The task
Only the lines in the entries below from the line with "All items sold" to the line with "敏知会计学术沙龙第7期:李莹-机器学习在财务会计研究领域的应用", both included, belong in the answer, transcribed exactly and without pictures.

Extracted material
__________________________________________________

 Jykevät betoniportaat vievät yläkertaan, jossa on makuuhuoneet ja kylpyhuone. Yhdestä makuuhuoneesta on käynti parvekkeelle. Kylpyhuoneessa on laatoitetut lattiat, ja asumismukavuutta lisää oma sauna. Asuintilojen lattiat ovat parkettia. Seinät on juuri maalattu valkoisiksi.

__________________________________________________

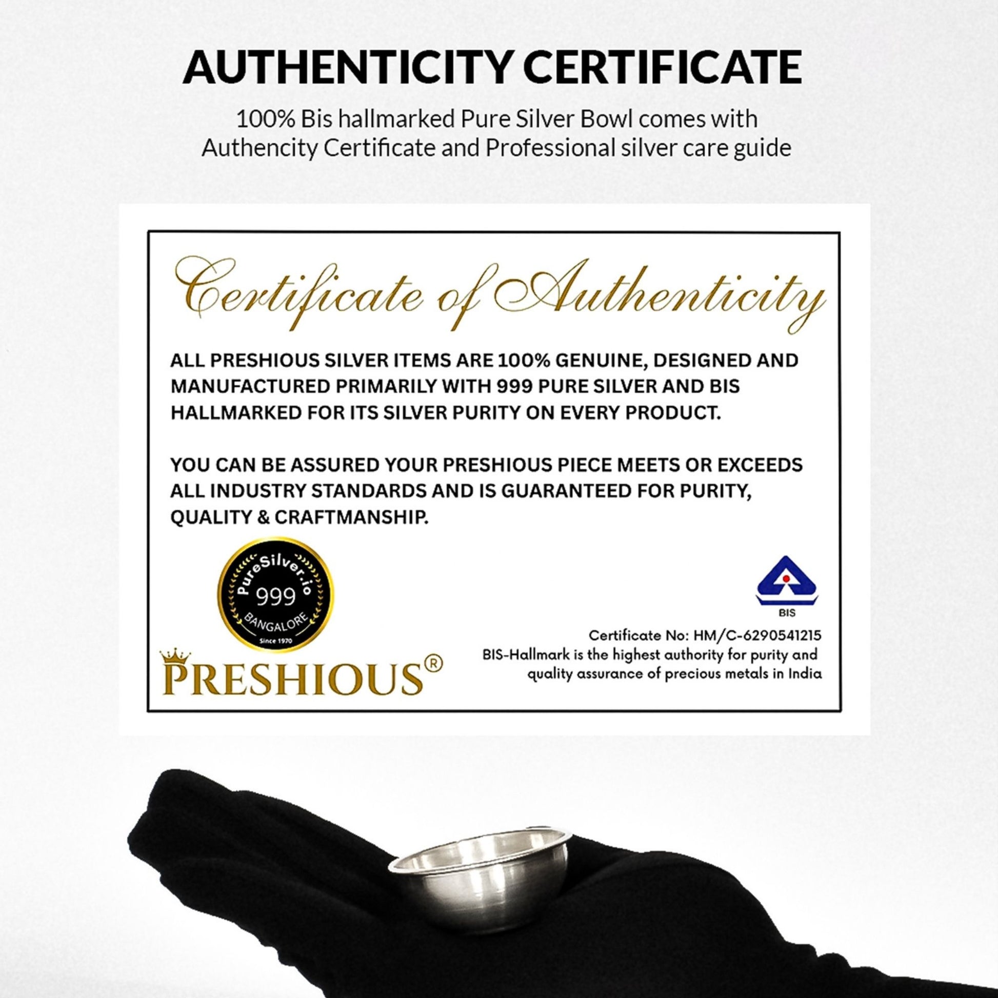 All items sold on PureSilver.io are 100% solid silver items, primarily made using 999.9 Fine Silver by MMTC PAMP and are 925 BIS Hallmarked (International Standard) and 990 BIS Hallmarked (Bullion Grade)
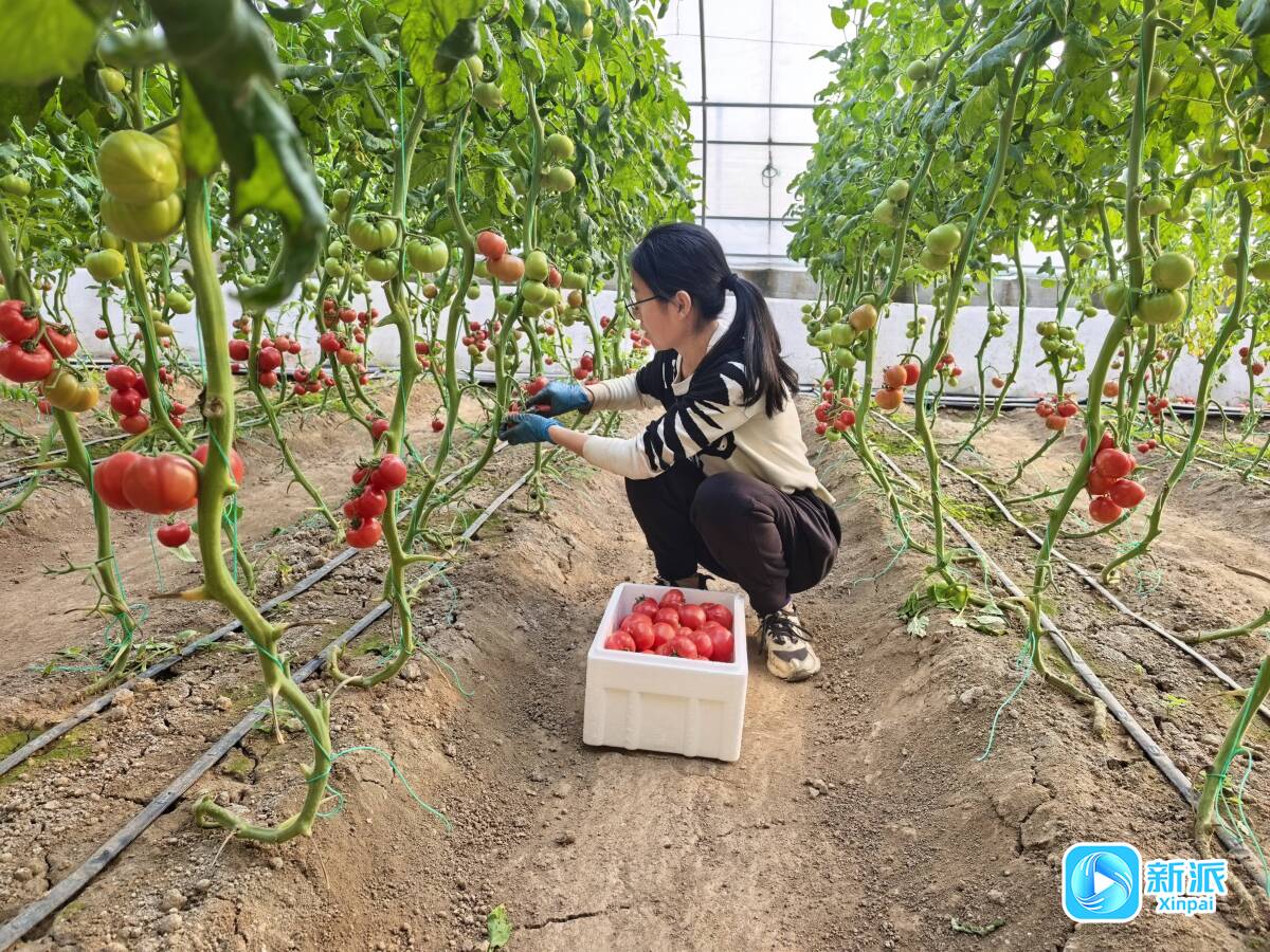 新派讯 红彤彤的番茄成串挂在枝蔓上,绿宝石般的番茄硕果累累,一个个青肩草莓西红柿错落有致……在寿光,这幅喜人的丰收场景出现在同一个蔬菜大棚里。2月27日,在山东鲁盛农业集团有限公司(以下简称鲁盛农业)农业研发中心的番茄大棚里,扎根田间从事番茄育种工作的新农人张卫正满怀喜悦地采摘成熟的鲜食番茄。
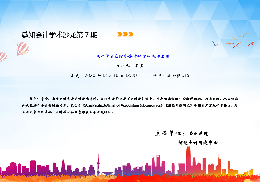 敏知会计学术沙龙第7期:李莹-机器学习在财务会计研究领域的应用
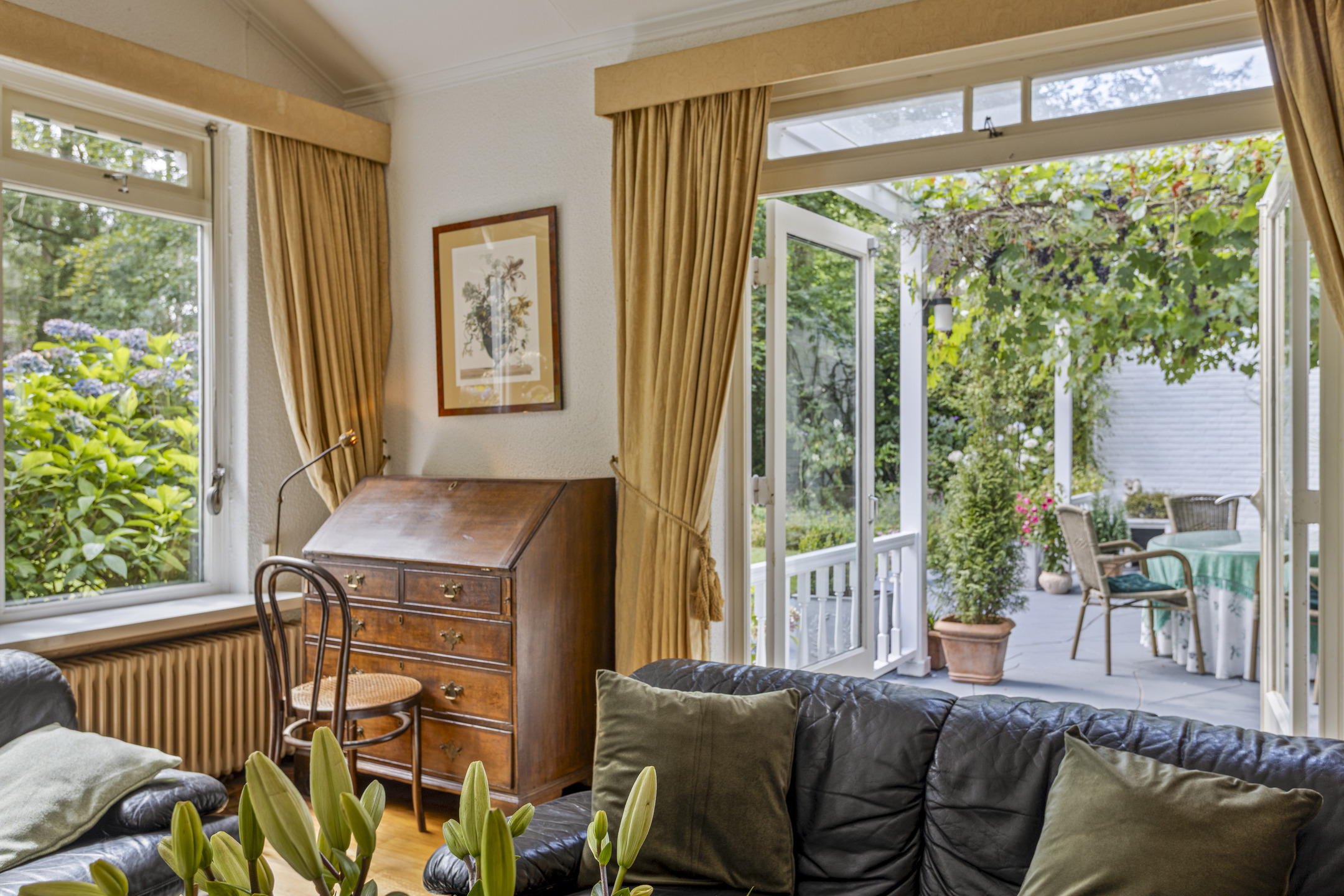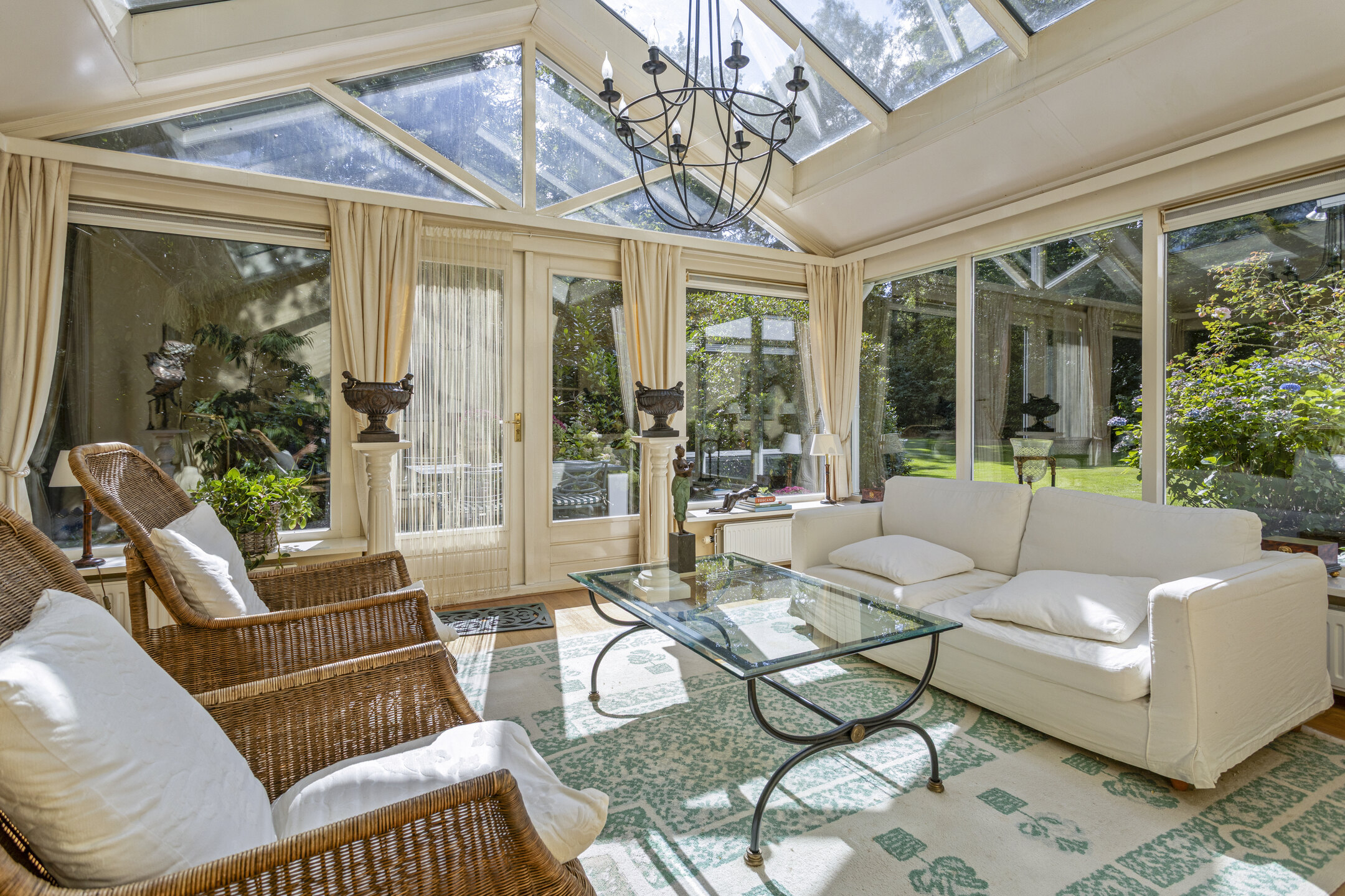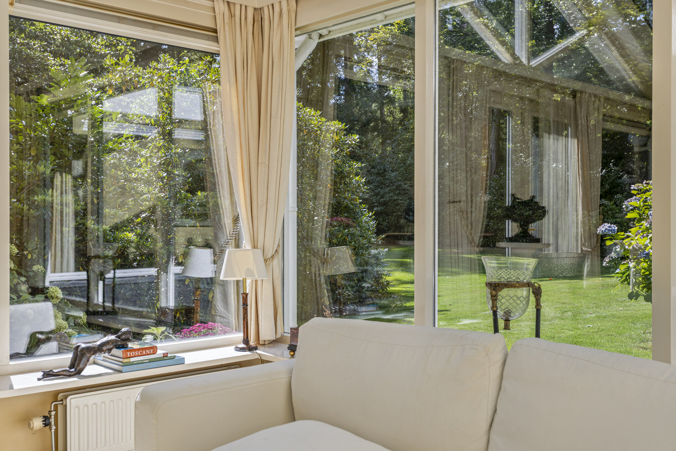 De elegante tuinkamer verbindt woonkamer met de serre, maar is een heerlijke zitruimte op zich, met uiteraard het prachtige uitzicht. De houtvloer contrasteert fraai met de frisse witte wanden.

__________________________________________________

Written response
 All items sold on PureSilver.io are 100% solid silver items, primarily made using 999.9 Fine Silver by MMTC PAMP and are 925 BIS Hallmarked (International Standard) and 990 BIS Hallmarked (Bullion Grade)
 新派讯 红彤彤的番茄成串挂在枝蔓上,绿宝石般的番茄硕果累累,一个个青肩草莓西红柿错落有致……在寿光,这幅喜人的丰收场景出现在同一个蔬菜大棚里。2月27日,在山东鲁盛农业集团有限公司(以下简称鲁盛农业)农业研发中心的番茄大棚里,扎根田间从事番茄育种工作的新农人张卫正满怀喜悦地采摘成熟的鲜食番茄。
 敏知会计学术沙龙第7期:李莹-机器学习在财务会计研究领域的应用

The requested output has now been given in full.